For the 12 weeks ended Sept. 12, Albertsons reported:

  • Identical sales growth of 13.8%.
  • Revenue of $15.76 billion for the quarter, up 11.2% compared with $14.18 billion in the comparable quarter in 2019.
  • Digital sales growth of 243% compared with the year-ago quarter.
  • Net income of $284.5 million, down 3.5% from $294.8 million in Q2 2019. Net income for Q2 2019 included the benefit of gains related to sale-leaseback transactions. In such transactions, a company sells an asset (such as real estate) to raise capital, then lease that asset from the purchaser.
  • Adjusted earnings before interest, taxes, depreciation and amortization (EBITDA) of $948.4 million increased 67% compared with $567.6 million in Q2 2019.
  • Debt refinancing and paydown transactions to deliver approximately $52 million in annualized interest savings.

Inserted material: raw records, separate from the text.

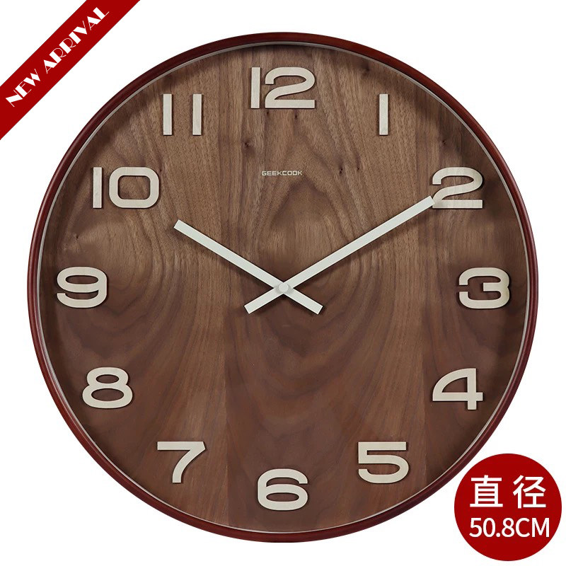 Chinese retro Nordic solid wood three-dimensional characters large size 20 inches living room front lobby mute creative wall clock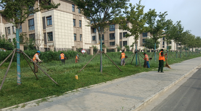 炎炎夏日,仍然阻擋不了綠化先鋒傾情奉獻(xiàn)的熱情。早晨6點(diǎn),大家就開始一天的工作了。修剪過程中采用人工、機(jī)械相結(jié)合的方式,對(duì)面積相對(duì)較大、地面相對(duì)平整且障礙少的草坪綠地,采用手推式草坪機(jī)進(jìn)行修剪;對(duì)障礙物較多的綠化采用人工拔草的方式。驕陽(yáng)似火,綠化衛(wèi)士們干的熱火朝天,身上的衣服干了濕、濕了干,累了就席地而坐,休息一會(huì),然后繼續(xù)工作。經(jīng)過兩天的持續(xù)奮戰(zhàn),共清理雜草5萬(wàn)平方米,出色的完成了此次雜草清理任務(wù)。他們用不辭辛苦、愛崗敬業(yè)的態(tài)度換來(lái)了新區(qū)優(yōu)美的環(huán)境,也換來(lái)了不息的蓬勃朝氣。(陳小東)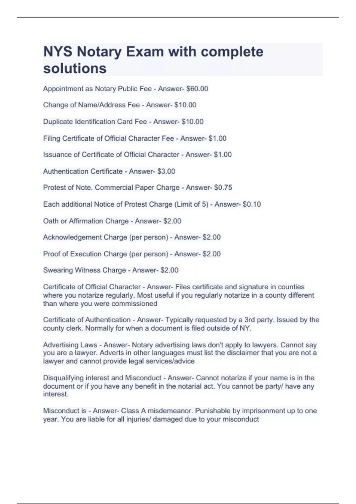 Appointment as Notary Public Fee - Answer- $60.00 Change of Name/Address Fee - Answer- $10.00 Duplicate Identification Card Fee - Answer- $10.00 Filing Certificate of Official Character Fee - Answer- $1.00 Issuance of Certificate of Official Character - Answer- $1.00 Authentication Certificate - Answer- $3.00 Protest of Note. Commercial Paper Charge - Answer- $0.75 Each additional Notice of Protest Charge (Limit of 5) - Answer- $0.10 Oath or Affirmation Charge - Answer- $2.00 Acknowledgement Charge (per person) - Answer- $2.00 Proof of Execution Charge (per person) - Answer- $2.00 Swearing Witness Charge - Answer- $2.00 Certificate of Official Character - Answer- Files certificate and signature in counties where you notarize regularly. Most useful if you regularly notarize in a county different than where you were commissioned Certificate of Authentication - Answer- Typically requested by a 3rd party. Issued by the county clerk. Normally for when a document is filed outside of NY. Advertising Laws - Answer- Notary advertising laws don't apply to lawyers. Cannot say you are a lawyer. Adverts in other languages must list the disclaimer that you are not a lawyer and cannot provide legal services/advice Disqualifying interest and Misconduct - Answer- Cannot notarize if your name is in the document or if you have any benefit in the notarial act. You cannot be party/ have any interest. Misconduct is - Answer- Class A misdemeanor. Punishable by imprisonment up to one year. You are liable for all injuries/ damaged due to your misconduct Notaries Public can be removed from office for: - Answer- Misstatement on application, False oath/ affirmation, misdemeanors (including lying about these during appointment or reappointment) Executive Law Misdemeanors - Answer- Practicing law or deceit, Falsely claiming to be a notary, acting as notary after removal, refusal to notarize, taking an acknowledgment over the phone Judiciary Law Misdemeanor - Answer- Pretending to be a lawyer, Accepting compensation for drafting legal docs, legal advice, Advertising/ telling ppl you have the rights of an attorney Notaries should NOT supervise the - Answer- Execution of a will. Is an invasion of the legal profession. An Acknowledgment is not the same as an Attestation Clause Certifying a false certificate is a - Answer- Class E felony. Can be punished with 3-4 years in prison Forgery in the 2nd degree is a - Answer- Class D Felony. This includes falsifying legal documents, public records, recordable documents, and public documents Subscribe - Answer- Writing one's name on a document in acknowledgment of being its creator Codicil - Answer- A written instrument that is made subsequent to a will and that modifies it in some respect Venue - Answer- Geographical place where a Notary Public takes an affidavit or acknowledgement Will - Answer- The disposition of one's property, to take effect after death Seal - Answer- The laws of the state of NY do not require its use by Notary Public, but if used, it should sufficiently identify the Notary Public and their authority & jurisdiction Consideration - Answer- Anything of value given to induce entering into a contract Litigation - Answer- The act of carrying on a lawsuit Chattel - Answer- Personal property, such as household goods or fixtures Attestation Clause - Answer- That clause (eg. at the end of a will) wherein the witnesses certify that the instrument was executed before them and the manner of the execution of the same

For the 28 weeks ended Sept. 12, Albertsons reported:

  • Revenue of $38.51 billion, up 17.0% from $32.92 billion for the comparable period in 2019.
  • Net income of $870.7 million, up 153.3% from $343.8 million in the year-ago period.
  • Gross profit margin increased to 29.5% during the first 28 weeks of fiscal 2020 compared with 27.9% during the first 28 weeks of fiscal 2019.
  • Adjusted EBITDA of $2.634 billion, up 82.9%, compared with $1.44 billion, during the first 28 weeks of fiscal 2019.

Albertsons also provided updated guidance for fiscal 2020. It expects:

  • Identical sales in fiscal 2020 of at least 15.5%.
  • Adjusted earnings per share in the range of $2.75 to $2.85.
  • Adjusted EBITDA in the range of $4.15 billion to $4.25 billion.
  • An effective tax rate of about 25%, excluding discrete items.
  • Capital expenditures of approximately $1.9 billion.

Percentage changes may not align exactly with dollar figures due to rounding.